Background

V. parahaemolyticus is a Gram-negative bacterium that is commonly distributed in marine environments. This bacterium has been associated with foodborne infections, causing 3 major syndromes: gastroenteritis, wound infections, and septicemia [1]. Most V. parahaemolyticus strains capable of causing infection express genes that encode thermostable direct hemolysin (tdh), tdh-related hemolysin (trh), or both. These genes have been identified as the primary virulence factors [2, 3] and are commonly used to identify pathogenic strains [4, 5].

Infections that are caused by V. parahaemolyticus in the US and Mexico have historically been associated with the O4:K12 serotype [6]; however, after the first outbreak of a novel O3:K6 clone (O3:K6/tdh+/trh), reported in India in 1996, the O3:K6 clone spread throughout Southeast Asia and various geographical zones, including countries in the American continent, resulting in a pandemic event [7] and becoming the most common serotype that was associated with infection, globally [1].

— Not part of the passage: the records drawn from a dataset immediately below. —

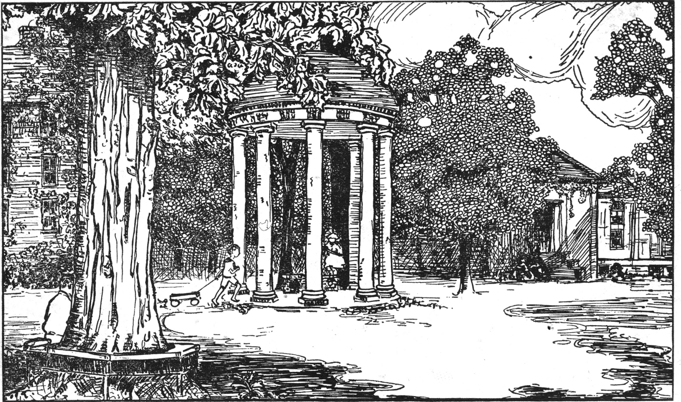
THE COLLEGE WELL

University of North Carolina, Chapel Hill, N. C.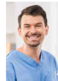
Holger (32), Cologne

“The integrated, tool-free bed and side rail extension is a striking feature - here, someone really had some great ideas. And our residents also love ‘their’ practico alu plus”!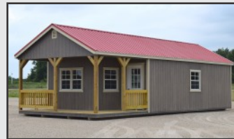
Can be finished out by customer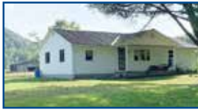
101 Linda Lane, Greenup - 1 Floor ranch home offering 1,484 sq.ft. w/3 BR & 2 updated BA. MBR has lg MBA w/10'x9' walk-in closet. Lots of potential to add on. Bring your horses & livestock to graze on this flat 14 Acre Mini-Farm. Nice 50'x50' barn. $155,000 (CCJ)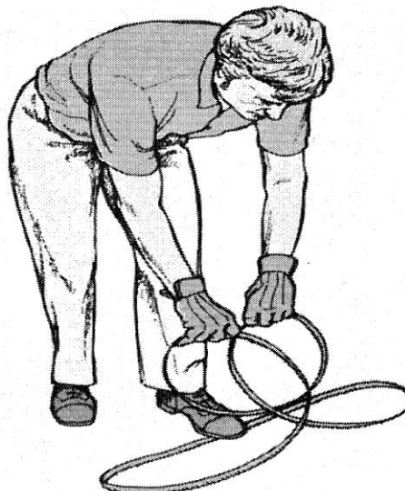
3 Cross the blade over to form three coils, then let it fall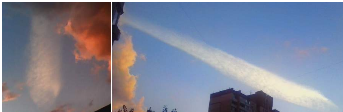
Figure 1: On the left – photo by Steklov A.F., right – photo by Dashkiev G.N.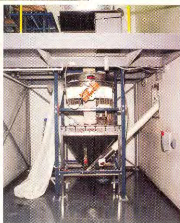
The circular vibratory separator scalps paper pieces from cut bags containing the powdered milk product.

TVS is a non-profit community rehabilitation program providing employment and employment services to adults with disabilities or other barriers to employment. Based on the success of this new line, TVS plans to add a sister unloading and packaging line that will blend milk powder and other ingredients. The system will incorporate another circular vibratory separator and two flexible screw conveyors.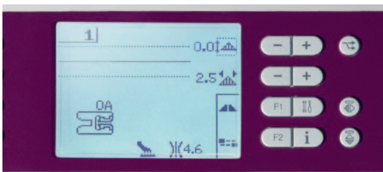
All information at a glance – everything is so clear.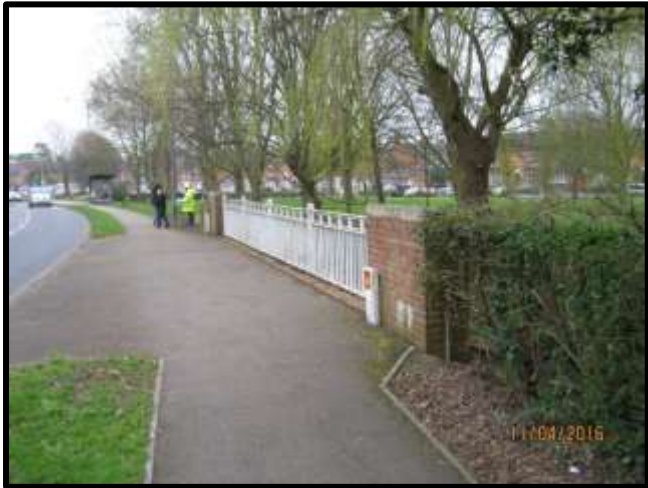
South verge looking East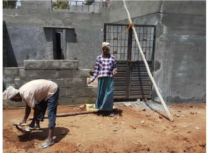
Bio-toilets under construction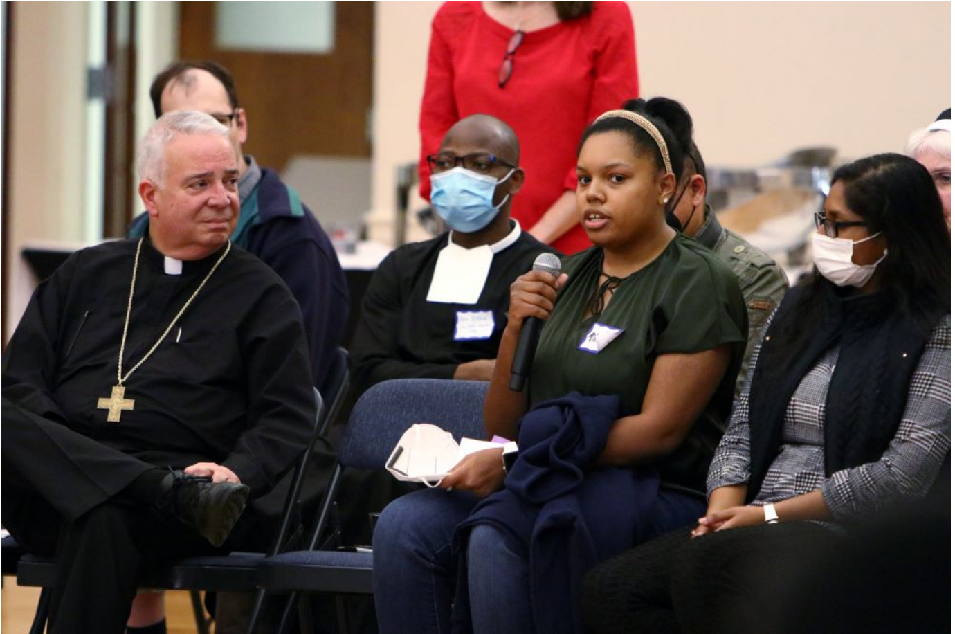
Philadelphia Archbishop Nelson Pérez joins college students, other young adults and ministry leaders during a synodal listening session at La Salle University April 4.

The detection of this pandemic strain in American countries was first reported in Peru, in 1996; however, the first outbreak was registered in 1997–1998 [8, 9], and since then, outbreaks have been reported in other countries in the American continent [10]. The US recorded 416 infection cases in 1998, most of which were linked to the consumption of raw seafood (oysters) from the Gulf of Mexico [11]. In Chile, greater than 16,000 infection cases have been reported since 1998, representing the highest recorded number of infections [10, 12, 13]. Brazil presented the lowest incidence of infections, with only 18 clinical cases reported from 2001 to 2002 [14]. Guerrero et al. [15], found that the O3:K6 clinical strain had been isolated in Mexico by INDRE (Mexican Epidemiological Institute) between 1998 to 2009, in different states, and Revilla-Castellanos et al. [16] identified the strain in 2012 among hull biofouling samples from a ship with Japanese provenance. O3:K6 strains were also isolated in 2004, from the only recorded outbreak in Mexico, which resulted in more than 1200 clinical cases [17].

This study represents the first attempt to explore genomic variations among the pandemic V. parahaemolyticus O3:K6 strains isolated from 1998 to 2012 in Mexico and their genetic similarities to strains that have been isolated from other outbreaks in American and Asian countries (Table 1).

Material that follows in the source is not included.